At each stage of the music performing pipeline, different representations are needed. The formats of music in the pic above, from left to right, are sheet music, symbolic representation and audio representation.

1.1 Sheet Music & Symbolic Representations

Traditional sheet music supports and music timing score only, and can be stored in MusicXML format. Musicians may vary the tempo, dynamics, and articulation, resulting in a personal performance of the given musical score. So sheet music is rarely directly used as input to neural network models.

Piano roll is a kind of symbolic representation as a visual, image-like representation of music, and can be stored in MIDI format. It can contain rich performance information and supports both score and performance, either music timing (after quantization) or absolute timing. It is more convenient to be used as input to neural networks, and datasets of MIDI files are easily accessible.

Tools:

MusPy is an all-in-one lib for symbolic music generation.
PyPianoroll can intuitively manipulate MIDI files as piano rolls.
Miditoolkit is designed for handling MIDI in symbolic timing (ticks), which is the native format of MIDI timing.
PrettyMIDI can parse MIDI files and generate pianorolls in absolute timing.
MidiTok can take care of converting (tokenizing) your MIDI files into tokens, ready to be fed to models such as Transformer, for any generation, transcription or MIR task
MuseScore is a software that can manipulate the music files in MIDI, MusicXML and audio formats.

1.2 Audio Representation

Audios also have 2 kinds of representations. They can be visualized as waveforms stored in *.wav files, but it does not show the components with different frequencies in the audio. By applying discrete short-time fourier transform and other transforms, the waveform can be transformed into time-frequency representation, called spectrogram.

Audio Representations in Spectrogram:

Short-Time Fourier Transform (STFT): directly generated by applying discrete short-time fourier transform to waveforms, represent linearly-spaced time, magnitude and frequencies. The value at each point specified by time and frequency is a complex number, the norm representing the magnitude of the wave with this frequency at this time, and the arg representing the phase of this wave. So if you need only the magnitude, considering that phases do not affect human perception of sounds, you need to apply np.abs() to take only the norm of each complex number.

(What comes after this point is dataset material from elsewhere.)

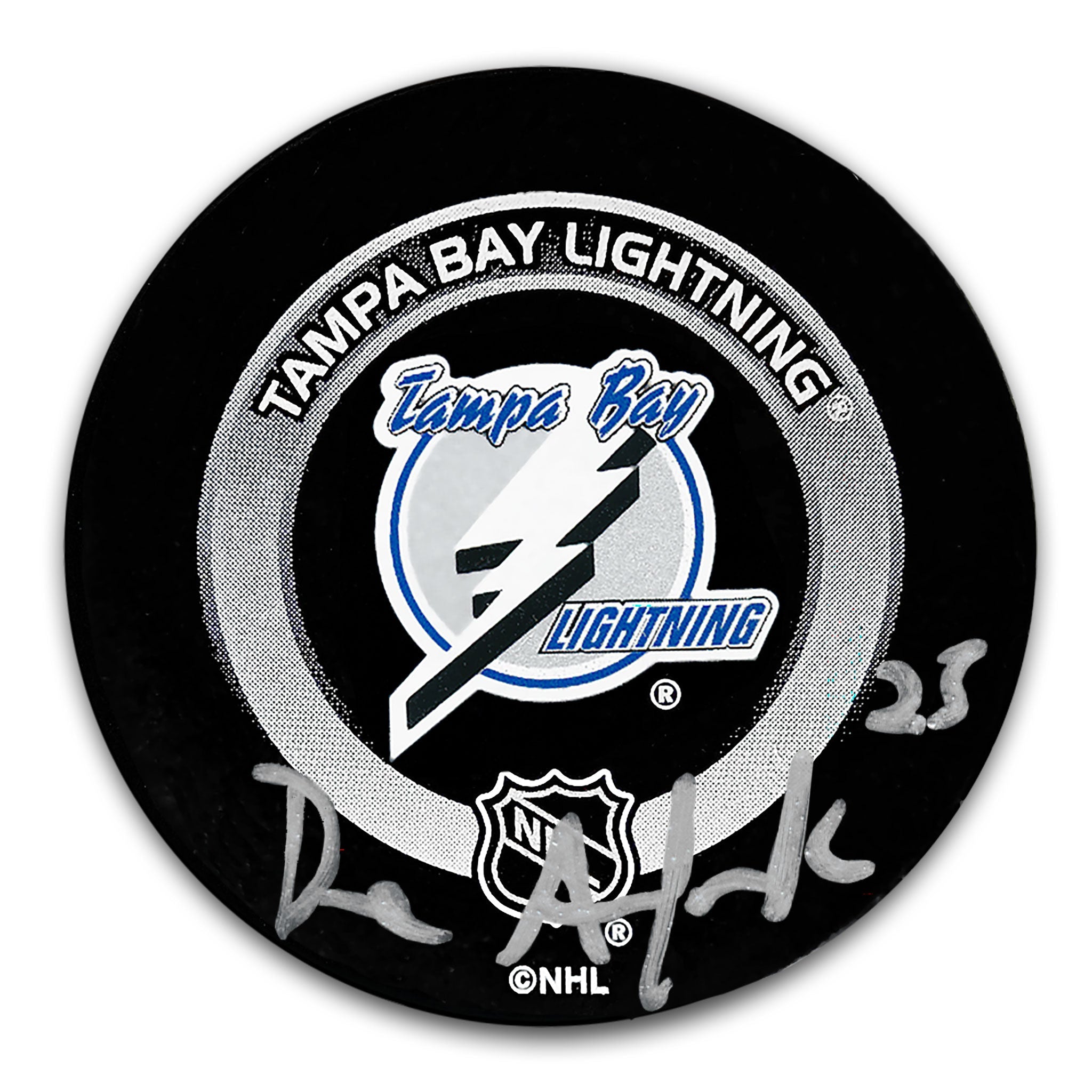 This is a Dave Andreychuk Tampa Bay Lightning Autographed Official Game Puck.
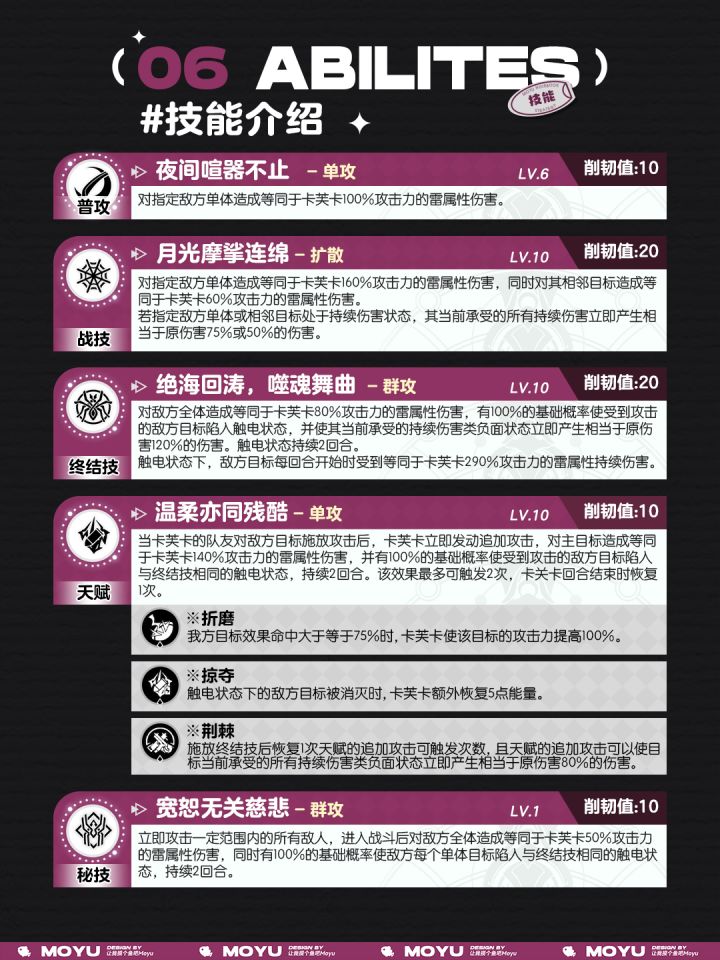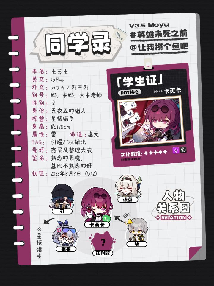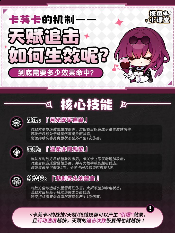 UID:104347362将将!我是摸鱼 (。•̀ᴗ-)✧DOT队从1.x版本C到3.x版本的核心又复刻啦!(冲啊,DOT队赛高!)本期的主角就是她 —— 星核猎手·『卡芙卡』!接下来是本期的《摸鱼小课堂》时间!卡芙卡坠坠重要的机制,一!定!要!看!懂!—————— ฅ՞• •՞ฅ ———————欢迎喜欢《摸鱼笔记》系列的同学萌前去主页报到!觉得有用的话一定要💓摸鱼酱哦!好了,

（⬆這段不知道説清楚了沒有，再用中文解釋一下。STFT 是直接對波形做短時離散傅里葉變換獲得的，其結果是一個二維的表格，對每一個時間點和每個頻率給出一個複數，表示在這個時間點上這個頻率的聲波分量。複數的模長表示該分量的振幅，複數的輻角表示該分量的相位。由於影響人聽覺的不是每個分量的相位，而是聲音中含有不同頻率的波的比例，所以可以用 np.abs() 函數來取複數的模長，忽略相位信息）

Constant-Q Transform (CQT): logarithmic frequency, logarithmic magnitude. The reason of taking the logarithm is that human hearing perceive the sound intensity and pitch on a logarithmic scale. For example, the sound pressure need to be about 1.22 times of the original sound pressure if we want the dB value to be larger by 1, and the foundamental frequency of a sound need to double if we want it to rise by 1 octave.
Pitch Class Profile / Chromagram: a 12-element feature vector indicating how much energy of each pitch class, {C, C#, D, D#, E, ..., B}, is present in the signal, ignoring the octaves
Mel-Spectrogram: the mel scale is a perceptual scale of pitches judged by listeners to be equal in distance from one another, with finer resolution in the low-frequency range (NOT exactly logarithmic scale)

different spectrograms of a musical scale

Different spectrograms are used as input to CNN to deal with different tasks of music feature extraction.

Timbre representation: Spectrogram → Mel-Spectrogram → MFCC
Pitch representation: Spectrogram → CQT → Chroma Feature

Dataset:

Freesound

Tools:

Sonic Visualiser is like an Adobe Audition adapted for music
librosa is a acoustic python package for music and audio analysis
torchaudio implements feature extractions commonly used in the audio domain

1.3 Math in STFT: Frequency & Temporal Resolution

Sampling Rate: number of samples per second in a piece of audio.

Nyquist–Shannon Sampling Theorem: A signal must be sampled at least twice as fast as the bandwidth of the signal to accurately reconstruct the waveform; otherwise, the high-frequency content will alias at a frequency inside the spectrum of interest. So in music with sr = 44.1k Hz, we cannot hear frequency higher than 44.1k / 2 = 22.05k Hz. To avoid aliasing, the analog music signal need to be lowpass filtered before sampling.

Quantization: Round the amplitude to the nearest discrete steps.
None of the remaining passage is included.